Day 17: Closing Ceremonies (Part 2)

I am always rather melancholy when the Games come to an end. There is the intensity of the experience (at least for someone who watches them as consistently as I do) as well as, with this year, one or two events I would have much preferred seen the U.S. win. But these never quite explain the sadness I feel (because I always feel like I missed a lot of the Olympics once they are over anyway).

Generally, we can consider the two week event in and of itself. An intense experience that takes years to plan and build and prepare for. And, then, in an instant, they are gone. There is so much so quickly. The Olympics can be made to symbolize and represent much, but their brief intensity best represents our lives (if lived well?).

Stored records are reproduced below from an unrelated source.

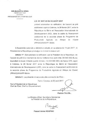 portant autorisation de ratification de l'accord de prêt additionnel signé à cotonou, le 28 février 2017, entre la République du Bénin et l'associatio...
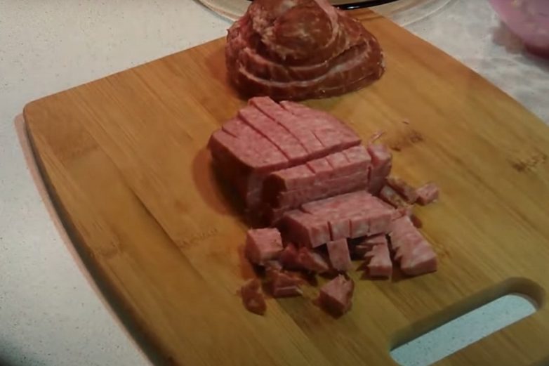 Охлади вареные яйца, очисти и нарежь кубиками.
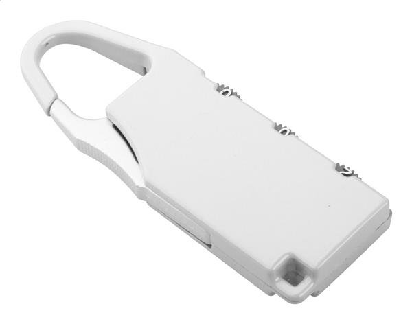 Metalowa kłódka do bagażu z 3 cyfrowym kodem. Description: Metalowa kłódka do bagażu z 3 cyfrowym kodem. Primary Color: biały Material 1: Metal Rozmiar: 20×65×8 mm
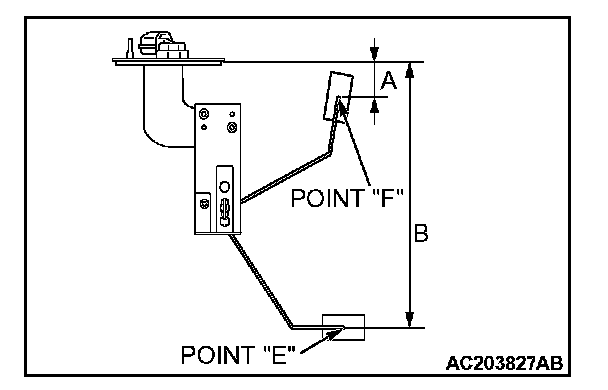1. Move the float and measure height A at point "F" (highest) and B at point "E" (lowest) with the float arm touching stopper.
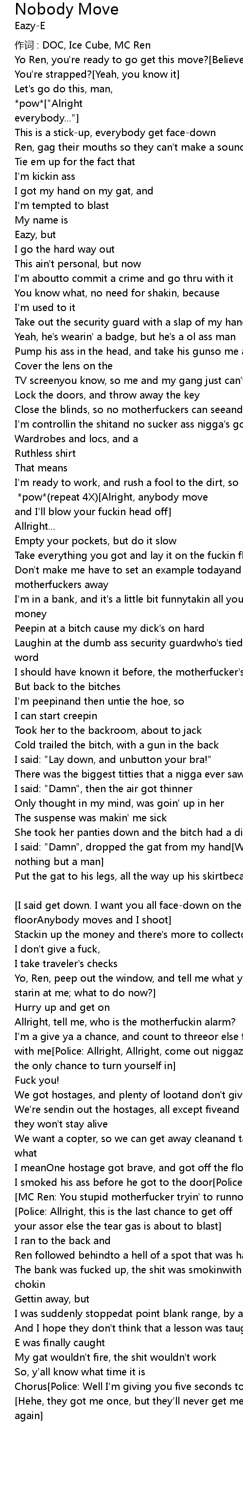 | Chorus:["Nobody moves, nobody gets hurt"] *pow*(repeat 4X)[Alright, anybody move and I'll blow your fuckin head off] | |
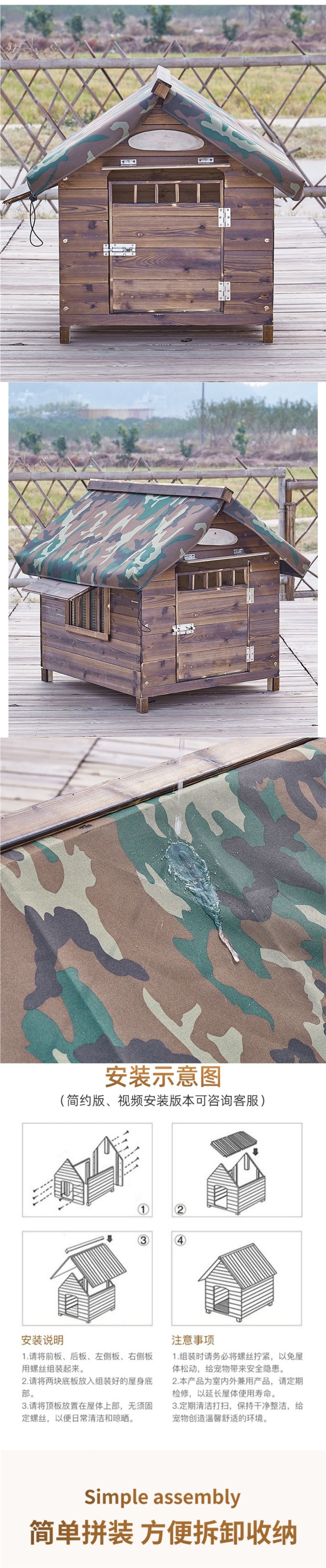 나무 개집 단단한 나무 개집 방수 및 방수 사계절 개집 고양이 둥지 고양이 집 애완 동물 둥지 개집스토어 가기

Beyond the event in and of itself, however we can consider how the Olympics intervene in our normal, everyday lives. I can speak here only for myself, and my instinct about myself, which could be wrong, is that the Olympics mark the passage of time on slightly larger scale than everyday life, but on a scale that is all too easy to mark. They happen every two years (did it affect me less when they were every four?), so when they end they remind me that it has been and will be two years between the games. Now, two years is not a huge amount of time, but it is not no amount of time either. It breaks up a life into just enough time to count as a lot, but just little enough to make it pass quickly. In two years I'll be out of high school. In two years I'll be graduating from college. In two years I'll have to have written a dissertation and have secured a job. In two years I'll need to have produced so many articles. In two years my son will be three years old (perhaps the most unbelievable, depressing, and exciting possibility). So much will have happened and will have to be done, but it will happen too damn fast. And thinking long enough in two year chunks can really start to eat a lifetime.

The Olympics, however, do a great deal with time. Host countries erect infrastructures for the games. Athletes work towards them through time and effort and practice. Fans commit incredible amounts of emotional energy in following and supporting the games and the athletes. The momentary status is no reason not to prepare and participate. So what I can take away from the Olympics and their momentous status is how they mark time and what they accomplish through it.